• **What this task involves**
Line by line, output everything from the one that contains "A site that" through the end of the material below, exactly as written and with no pictures.

• **Dataset content**
[Start of Attachment]

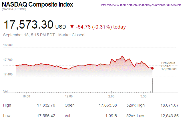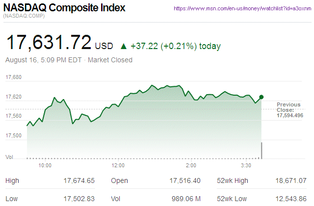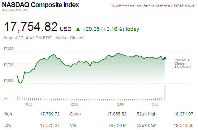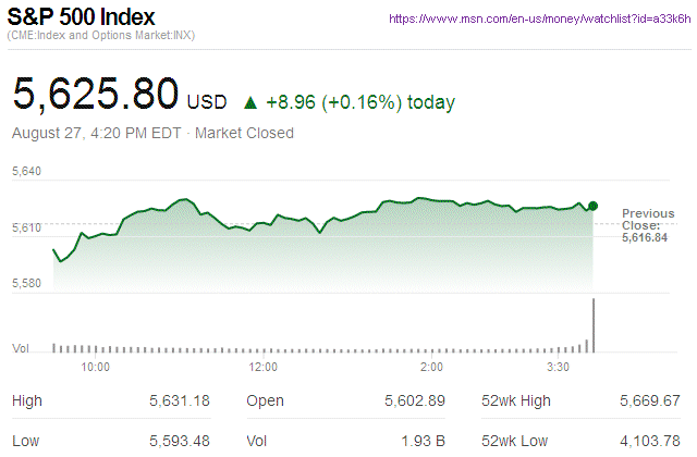 At the end of a market day of variable movements, major stock indices closed with very small to large mixed amounts. The Dow Jones Industrial Average (DJIA) was up 0.55% to 41,622.08, a record high close (the first close over 41,600); with a record intraday high of 41,733.97 (the first high over 41,600 and 41,700); while the Standard & Poor’s 500 stock index was up 0.13% to 5,633.09. The NASDAQ Composite index was down 0.52% to 17,592.13. ![]() |
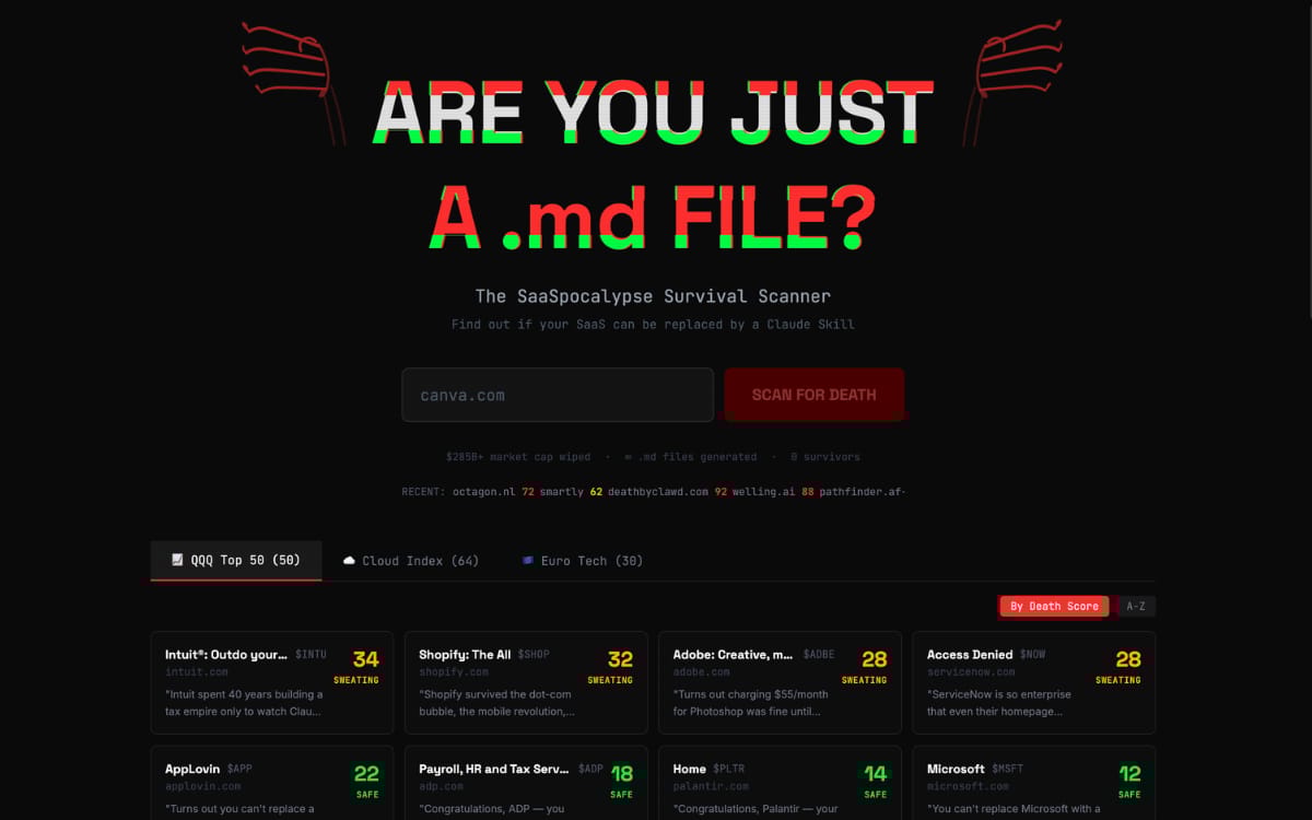 A site that checks if your startup idea could be replaced by AI tools and shows how vulnerable it is. It also has already-done analysis on several popular software products.
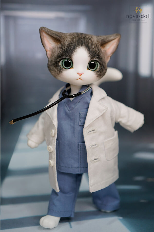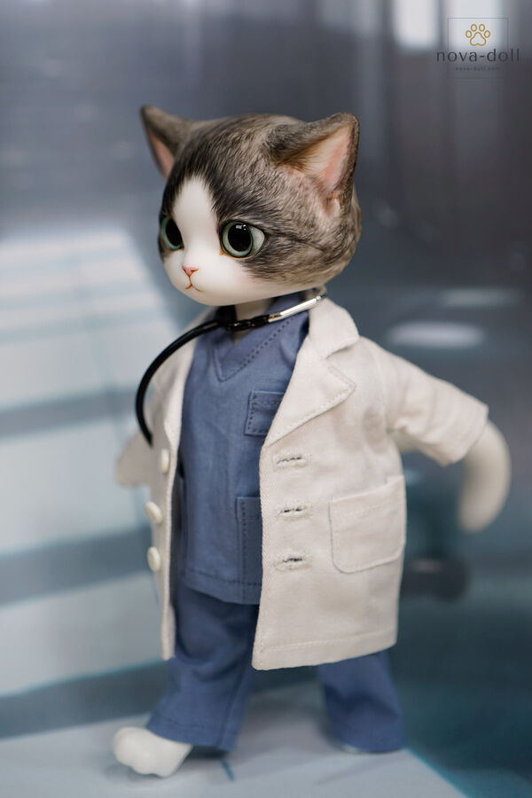 また今回は、Fairytales製の高品質なドールドレス技術を活かし、特製ドクターウェアをご用意。

[End of Attachment]

• **Answer for the task**
 A site that checks if your startup idea could be replaced by AI tools and shows how vulnerable it is. It also has already-done analysis on several popular software products.
 また今回は、Fairytales製の高品質なドールドレス技術を活かし、特製ドクターウェアをご用意。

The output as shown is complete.